In Mississippi, shipbuilders are putting the final touches on a new ship named after the country that symbolizes freedom.

"USS America," said Rear Admiral Thomas Brown III, retired U.S. Navy. "What could be better than that?"

This retired and decorated naval aviator is leading the effort to bring the commissioning of the USS America to San Francisco this fall.

America is the first of a new class of landing ship, helicopter assault. While it may look like an aircraft carrier, it's actually a smaller cousin.

I caught up with the America's skipper, Captain Robert Hall, by phone.

"What we're designed to carry is the latest in Marine Corps. aviation," he said. "Which is the F-35B, the new joint strike fighter, as well as the MV-22 Osprey, they're big tilt rotor aircraft."

"I look at it as a Marine Corps aircraft carrier because we have birthing for 1,600 Marines on the USS America."
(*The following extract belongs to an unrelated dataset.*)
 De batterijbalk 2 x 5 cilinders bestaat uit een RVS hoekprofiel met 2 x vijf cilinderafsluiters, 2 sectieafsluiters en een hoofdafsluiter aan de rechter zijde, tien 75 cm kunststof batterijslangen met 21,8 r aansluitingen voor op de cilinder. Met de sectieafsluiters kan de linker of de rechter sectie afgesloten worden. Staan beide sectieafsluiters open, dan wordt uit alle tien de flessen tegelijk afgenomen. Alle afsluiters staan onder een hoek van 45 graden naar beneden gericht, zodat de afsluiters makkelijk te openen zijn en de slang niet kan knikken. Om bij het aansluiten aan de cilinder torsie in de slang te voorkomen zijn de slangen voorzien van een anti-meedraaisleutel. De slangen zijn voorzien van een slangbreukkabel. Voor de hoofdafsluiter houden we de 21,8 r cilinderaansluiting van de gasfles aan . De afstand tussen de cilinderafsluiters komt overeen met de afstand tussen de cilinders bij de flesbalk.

At 844 feet long, America will be 250 feet shorter than a supercarrier and won't carry nearly as many aircraft.

But its job is different -- get marines ashore at some hotspot and then provide aerial protection and support.

Admiral Brown says the competition to host a commissioning is fierce, and this is quite a feather in the city's cap.

"San Francisco is a very patriotic city and has been patriotic since back before World War II," he said. "And that is sort of a closely guarded secret."

Captain Hall adds, "San Francisco is such a great city with a rich naval history that it's just the perfect choice."

Admiral Brown says it's not yet official, but everything points to the commissioning of the America on the Saturday of Fleet Week.

For him, this is more than just nostalgia. Yes, Brown commanded carriers and carrier task forces -- the big ones -- and flew more than 300 missions in Vietnam. Those are reasons why he's worked so hard. Here's another.

"There probably will not be another aircraft carrier commissioned here," he said.

When in service, America will be based in San Diego.